There is another version of constrained Kmeans that handles *size* constraints [[2][2]]. A python implementation of the algorithm (and its extensions) is available [here](https://github.com/Behrouz-Babaki/MinSizeKmeans).

### Exact algorithms for constrained clustering

In 2013-14, I was working on developing an integer linear programming
formulation for an instance of the constrained clustering problem.
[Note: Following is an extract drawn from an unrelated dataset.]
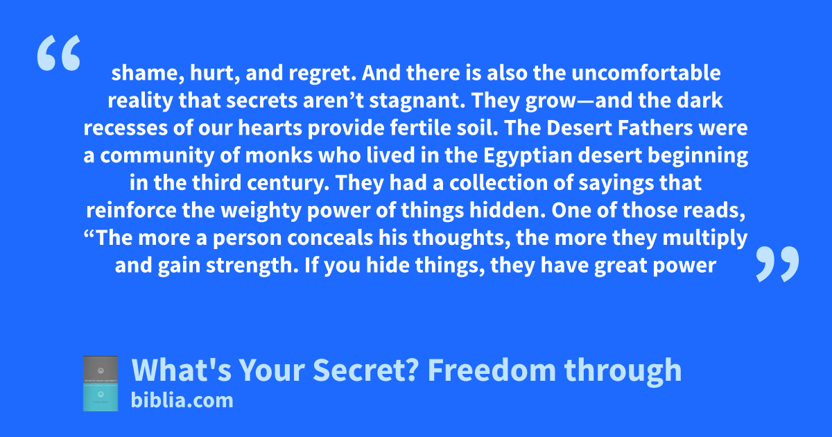 shame, hurt, and regret. And there is also the uncomfortable reality that secrets aren’t stagnant. They grow—and the dark recesses of our hearts provide fertile soil. The Desert Fathers were a community of monks who lived in the Egyptian desert beginning in the third century. They had a collection of sayings that reinforce the weighty power of things hidden. One of those reads, “The more a person conceals his thoughts, the more they multiply and gain strength. If you hide things, they have great power

The
approach that I chose was *Branch-and-Price* (also referred to as
column-generation). In the initialization step of my algorithm, I needed another algorithm that can produce solutions of reasonably good quality very
quickly. The algorithm **COP-Kmeans** turned out to be exactly what I
was looking for. Interested in knowing more about my own work? Go to my
[homepage][page], from where you can access my paper [[3][3]] and the
corresponding code.

There is also a [body of work](https://cp4clustering.github.io/) on using constraint programming for exact constrained clustering. In particular, [[4][4]] is the state-of-the art in exact constrained clustering.

## References
1. Wagstaff, K., Cardie, C., Rogers, S., & Schrödl, S. (2001,
June). Constrained k-means clustering with background knowledge. In
ICML (Vol. 1, pp. 577-584).

2. Bradley, P. S., K. P. Bennett, and Ayhan Demiriz. "Constrained k-means clustering." Microsoft Research, Redmond (2000): 1-8.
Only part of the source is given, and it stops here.